I didn’t see that coming…
The next twenty-four hours I spent thinking about that line: “You need to see a neurologist.” For the first time, I really had to reconsider everything. Those questions that I had popped up again. While I may have been in self-denial that I was okay, in reality, I wasn’t. With each head injury and concussion, I was slowly getting worse. My memory was getting worse. Each concussion was a huge risk. Even regular headers were giving me headaches.
My stubbornness was hiding me from the truth. Playing sports were my idol. It was more than just playing it for the love of the game. It was how I could leave a mark on the field or court and in people’s minds. It was my way to prove people wrong about me. It was my way of feeling superior and better than her when I beat them with my skill and wit. The knowledge that teams needed me to complete their goal was always satisfying. As a result, it just inflated my ego and made me become prideful.
Like all idols, the thought of letting go of playing sports created this fear. What would I do if I couldn’t play soccer? Or basketball? Whenever I was injured because of a concussion or another injury, it left me frustrated having to sit on the sidelines, unable to help the team. Sometimes I’d try to rush my recover just so I could play again, only to get hurt again. To have to leave sports for good was just unthinkable. Incomprehensible. Sports were a huge part of my identity as a person. People would always ask me about sports because that was the first thing that they thought of when they saw me.

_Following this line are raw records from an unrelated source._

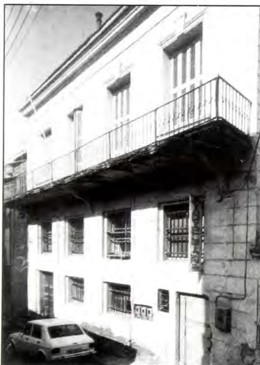
Εξωτερική άποψη της Συναγωγής Καβάλας.
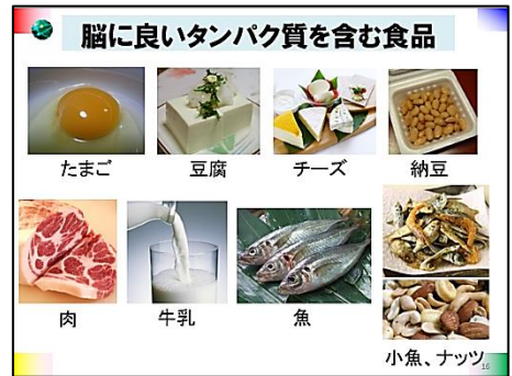
↑部長ミニ講話のスライドから (自画自賛ながら好評でした!)

その後、事務局(科学部長)から、“ 桃太郎とかぐや姫の物語を科学的に分析して、食事の大切さを考える ”という部長ミニ講話を理事の皆さんにご清聴いただきました。(この講話は、青少年センター科学部の事業「高校生天文講座」の修了式で科学部長から高校生達に話したものです。)
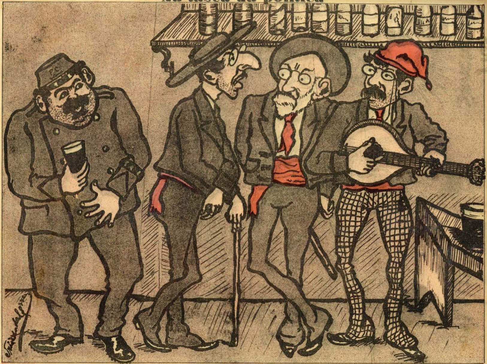
UM CONSELHO DE BACÔCOS NA RUA DOS NAVEGANTES
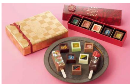
〈ベル アメール 京都別邸〉 スティックショコラアソート(8個入)
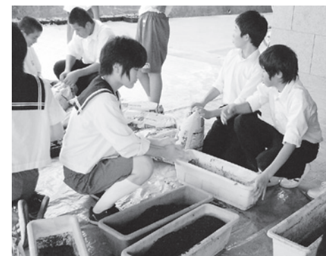
プランターに苗を移植する 7/16

は町内の小中学校や下諏訪向陽高校、花田養護学校の代表者や地域の方々、アドバイザーの方、まとめて話し合っています。私はその全体会議を通して、様々なことを学び感じました。全体会議が終わった後、いつも感じることは、地域との絆が深いということです。このしもすわガーデンプロジェクトは、地域の方々力なしではどうにもなりません。設置場所やこの水やり、花の管理なども配
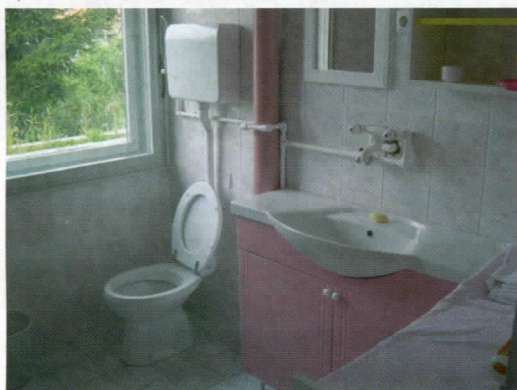
Дечје обданиште - огледало одговорних

Комплетну спољну столарију заменили смо и на ПШШ "Јосиф Панчић" у којој ћемо до краја године реконструисати и анекс свечане сале - Ђачки парламент. Замену столарије до краја године очекујемо и у ОШ "Бора Станковић" у с.Јелашница а укупна вредност радова око столарије по завршетку биће 35,4 милиона дин.
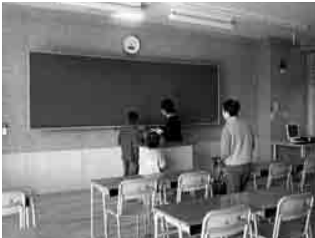
中学生になったら、ここで勉強するのよ

将来、長南中学校で学ぶ子どもや卒業生など、幅広い年齢層の人が見学していました。見学会している人にお話を伺うと「すごい一言ですね」「立派な校舎ができました」と驚いた様子で話してくれました。また、新校舎を背景に記念撮影をしている人や、校舎内をビデオカメラで撮影している人もいました。
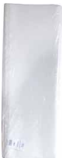
Tovaglia Bianca 100x100 1 Velo pz 100
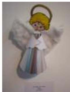
Ciudad de Adra Adra (Almería)
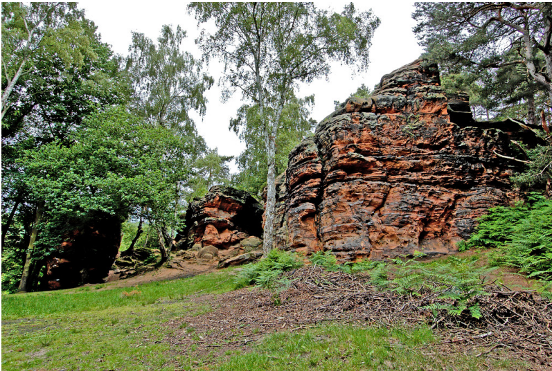
Katzensteine bei Mechernich-Katzvey (2008)

I know that I’m more than just about sports. But this was a lot of me to ask of even myself. While I still wait for my appointment with a neurologist for further advice, I know that I may have to face the music and realize that I have to quit for good. And even if they say it’s cleared for me to continue playing sports, is it worth the risk of my own well-being for something that’s ultimately for recreation and fun? In the end, regardless of the neurologist’s advice, I’ll have to decide for myself and for my well-being.